Use setRequestProperty( ) to set special properties in the request. The most important is the "User-Agent", which gives the name of the application making the request (such as a web browser). If left empty or set to a non-standard value, some web servers will reject the request. UserAgentString.com has a good list of known user agent strings for common web browsers and spiders. However, it is poor web etiquette to lie and send a bogus user agent string. Instead, send something that identifies the name and purpose of the application.

Other settable request properties include the "Authorization" for logging in to a site, the "Referer" for the URL of a page that led you to the requested file, or any of several "If" properties for conditionally getting the file. All of these are standard HTTP 1.1 request header fields discussed in the HTTP 1.1 specification. Wikipedia has a nice summary of HTTP.

If you are sending a form, you can configure the request as a GET or a POST using setRequestMethod( ). The same method also supports HEAD, OPTIONS, PUT, DELETE, and TRACE requests. The HTTP 1.1 specification discusses these types of requests. For most situations, use the default GET request.

Sending the request

Call the connect( ) method to connect to the web server, send your request, and collect the server's response. An IOException is thrown if there is a problem.

conn.connect( );

Actually, this call is optional. Calling any of the response methods below will automatically call connect( ) if needed.

Getting the response

Once your request is sent, response values are available from get* methods. Here are the essentials:

  • getHeaderFields( ). Get all of the response header fields as a list of strings. The most common header fields are also available by dedicated methods, like those in the next few bullets here.
  • getResponseCode( ). Get the HTTP numeric response code from the header. This is important since it tells you if your request succeeded. See the HTTP specification or Wikipedia's List of HTTP status codes. On success, the code is 200. 404 means the page wasn't found, 503 means the site was down, and so on for about 50 standard codes. The HttpURLConnection class also has constants for the codes, such as HTTP_OK for 200, HTTP_NOT_FOUND for 404, etc.
  • getURL( ). Before sending the request, this gets the original URL. But after getting a response, this gets the URL from that response. Normally, they are the same. But if the response is a redirect to another page, this will be the URL of that page.
  • getContentType( ). Get the content type string from the header. This is discussed more below.
  • getContentEncoding( ). Get the encoding (compression) used by the content. Web servers are supposed to always return uncompressed content unless the request includes an "Accept-encoding" property. If you've included such a property, the content still might not be compressed if the server doesn't support it or if it didn't want to do it for some reason. Use getContentEncoding( ) and look for a value like "gzip" to see if the returned content is compressed.
  • getContentLength( ). Get the length of the content, in bytes. This value will be a -1 if the length is not known. This is quite common and occurs when content is sent in bursts by server-side PHP, Perl, or Java code generating the content on-the-fly. When you get a -1 for the content length, you'll have to detect the end of the data yourself during parsing.
Map<String,List<String>> header = conn.getHeaderFields( );
int responseCode       = conn.getResponseCode( );
URL responseURL        = conn.getURL( );
String contentType     = conn.getContentType( );
String contentEncoding = conn.getContentEncoding( );
int contentLength      = conn.getContentLength( );

There are a few more less essential methods. Call getDate( ) to get the date and time of the server's response. Call getLastModified( ) for the date the content was last modified on the server, and getExpiration( ) to get the server's recommended cache expiration date. But if you aren't planning on managing a cache, you can ignore these.

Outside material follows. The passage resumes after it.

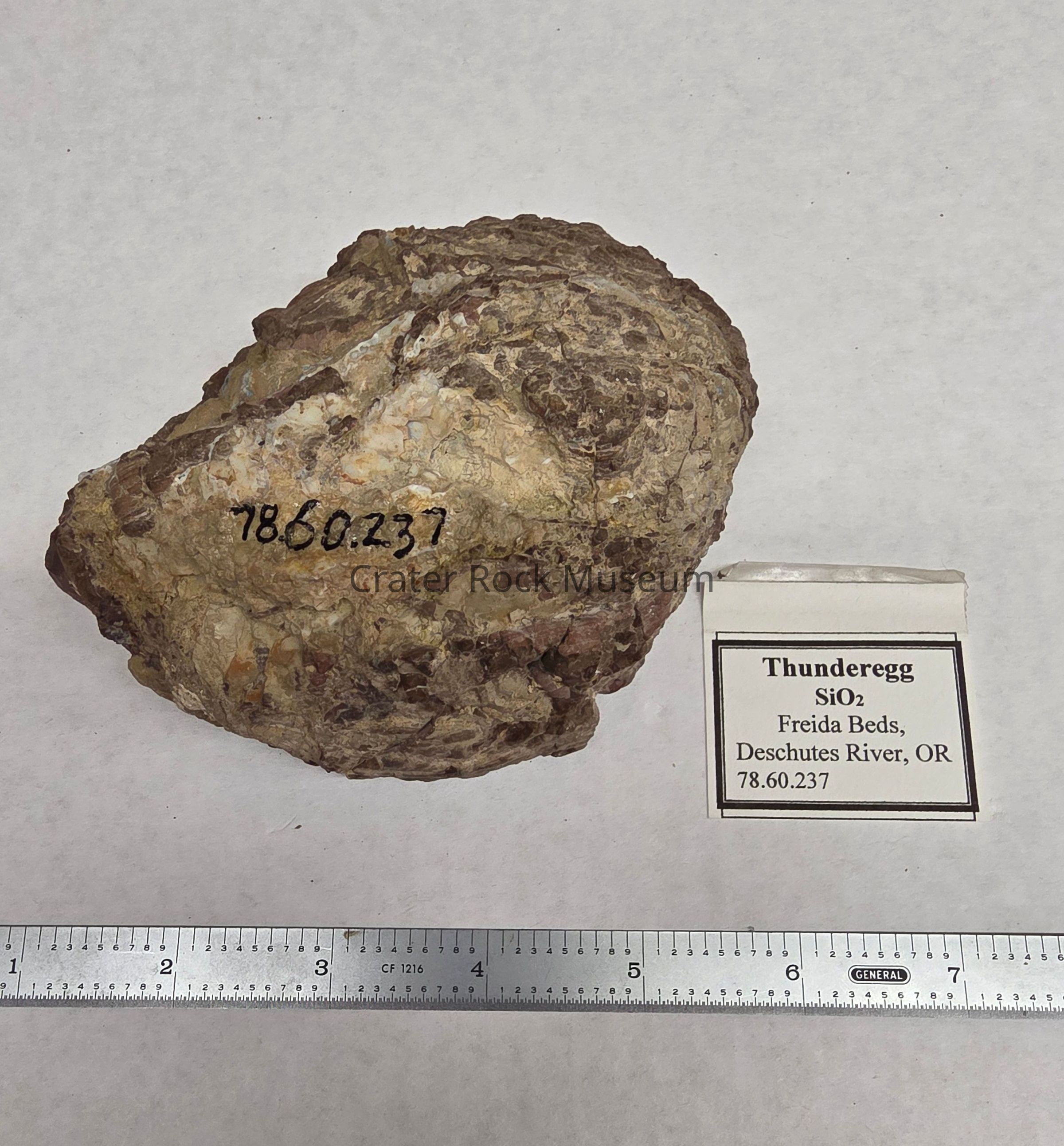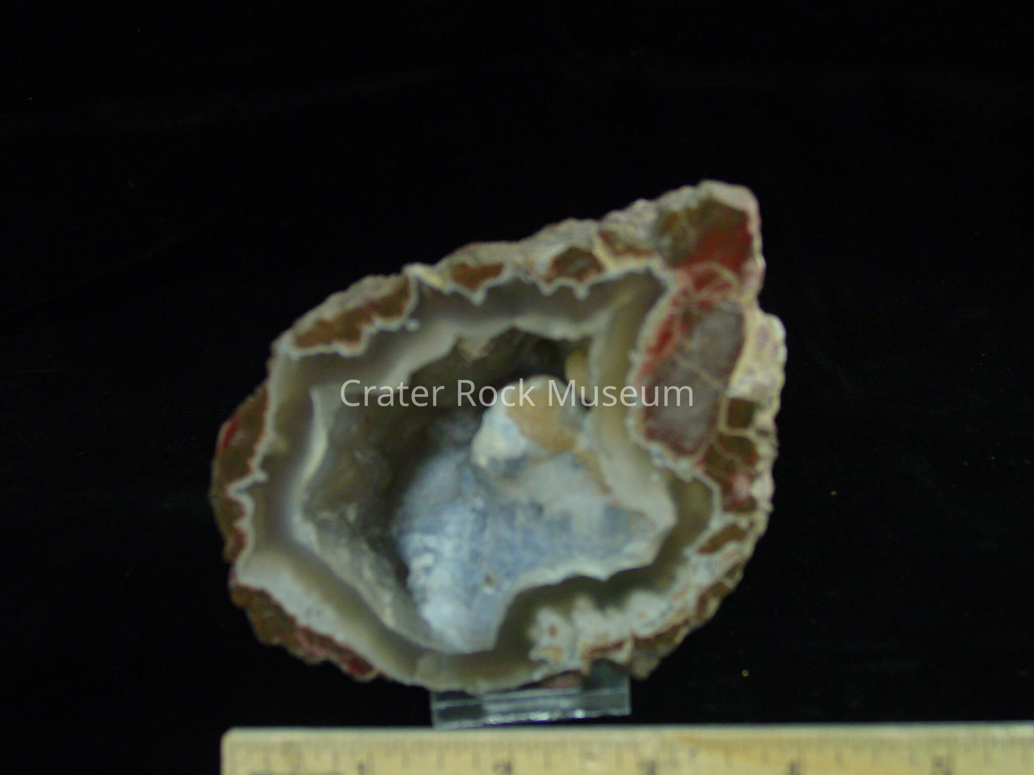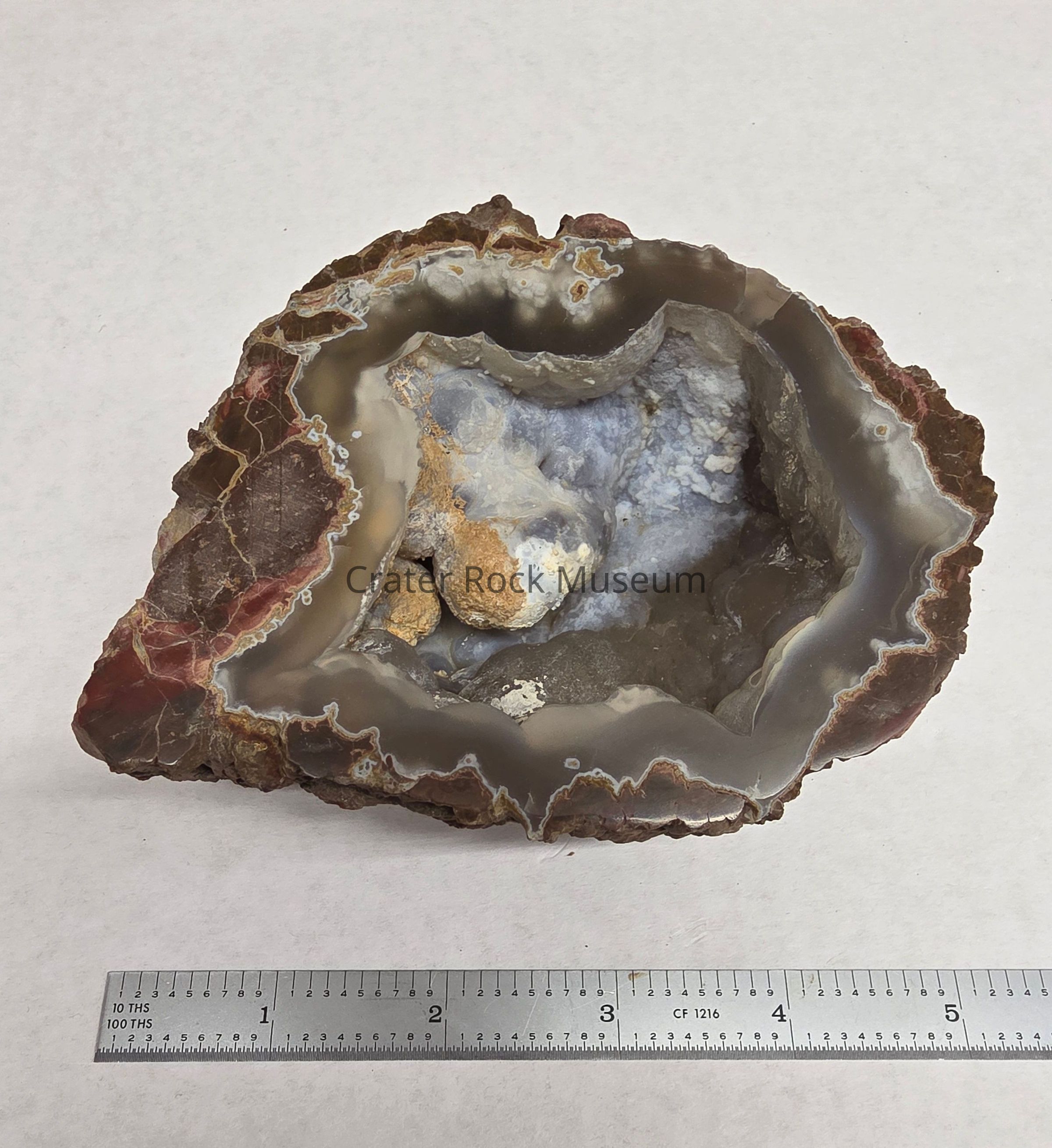 Description: Cut side shows bumpy interior in blue,gray and yellow mineral surrounded by semi-transparent grey agate with grey inclusions. Surrounding rock is red and brown.Collection

The getHeaderFields( ) method returns a rather cumbersome Map of named lists of strings. This map includes the content type, content encoding, content length, etc., retrieved more easily by the above methods. It also includes the "Set-Cookie" field for cookies, "Keep-Alive" for controlling connections that remain open for awhile, "Server" for the name and version number of the web server, "Cache-Control" for the server's preferences on caching the returned content, and others. All of these are explained further in the HTTP 1.1 specification. But if you are just getting a single web file, you can usually ignore these.

Getting the content

Finally, there are two methods to get the payload of the server's response:

  • getErrorStream( ). Get the InputStream to access the web server's error response, if any. Some response codes, such as 404 for a missing file, tell you that an error occurred when trying to get the file. Nevertheless, web servers usually send a custom error page to be shown to the user. getErrorStream( ) returns an InputStream for reading this error page. It also returns null if no error occurred. Checking for this null is a quick way to quickly detect an error.
  • getContent( ). Get the web file's content if no error occurred. On an error it throws an exception.
java.io.InputStream errorStream = conn.getErrorStream( );
if ( errorStream == null ) {
    Object content = conn.getContent( );
    ...
}

There are several types of content that can be delivered by a web server, such as HTML text, images, audio clips, videos, ZIP archives, etc. Since URLConnection is generic, its getContent( ) method simply returns an Object. The type of Object depends upon the content:

  • Image content returns a java.awt.Image object, if the image file format is supported by Java, such as GIF, JPEG, and PNG.
  • Audio content returns a java.applet.AudioClip object, if the audio file format is supported by Java, such as AIFF and WAV.
  • HTML and plain text, ZIP files, JAR files, unrecognized image and audio types, and all other content returns a java.io.InputStream so that the application can parse the content itself. You can also get this stream by calling getInputStream( ).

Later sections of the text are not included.